3. HEADINGS. The section headings contained in this First Amendment are for
reference purposes only and shall not affect in any way the meaning or
interpretation of the First Amendment.
4. COUNTERPARTS. This First Amendment may be executed in one or more
counterparts, all of which shall be considered one and the same agreement,
and shall become a binding agreement when one or more counterparts have
been signed by each Party and delivered to the other Party.
5. MISCELLANEOUS. This First Amendment shall be governed by the laws of the
State of New York, without regard to its principles of conflicts of laws.

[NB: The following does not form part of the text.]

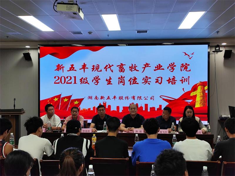 9月2日至3日,由湖南新五丰股份有限公司(以下简称“新五丰”)与永州职业技术学院(以下简称“永州职院”)联合举办的新五丰畜牧产业学院首届2021级45名同学的入司岗位实习培训在新五丰养殖事业部火热举行,两天时间进行了开班仪式、岗前培训、集中授课等环节。
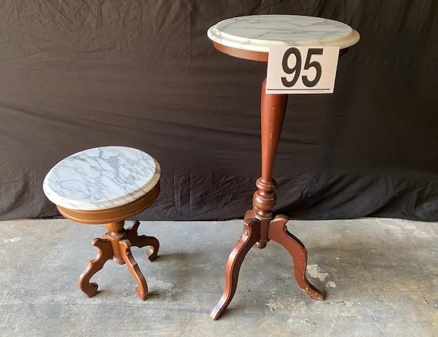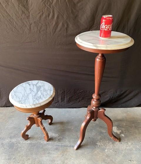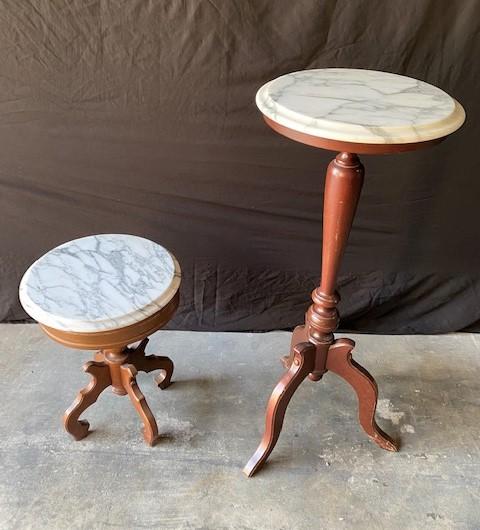 LOT#H95: Pair of Marble Top Mahogany Plant Stands

Each Party hereby irrevocably and unconditionally consents to the
exclusive jurisdiction of the courts of the State of New York, and the
United States District Court for the Southern District of New York for any
action, suit or proceeding arising out of or relating to this First
Amendment, waives any objections to such jurisdiction and venue and agrees
not to commence any action, suit or proceeding relating to this First
Amendment except in such courts. This First Amendment supersedes all prior
understandings and agreements, whether written or oral, among the Parties
hereto relating to the essence of this First Amendment. If there is a
direct conflict between the provisions of the Collaboration Agreement and
this First Amendment, this First Amendment shall govern. This First
Amendment may be amended only by a written instrument executed by each of
the Parties.
[SIGNATURES APPEAR ON FOLLOWING PAGE]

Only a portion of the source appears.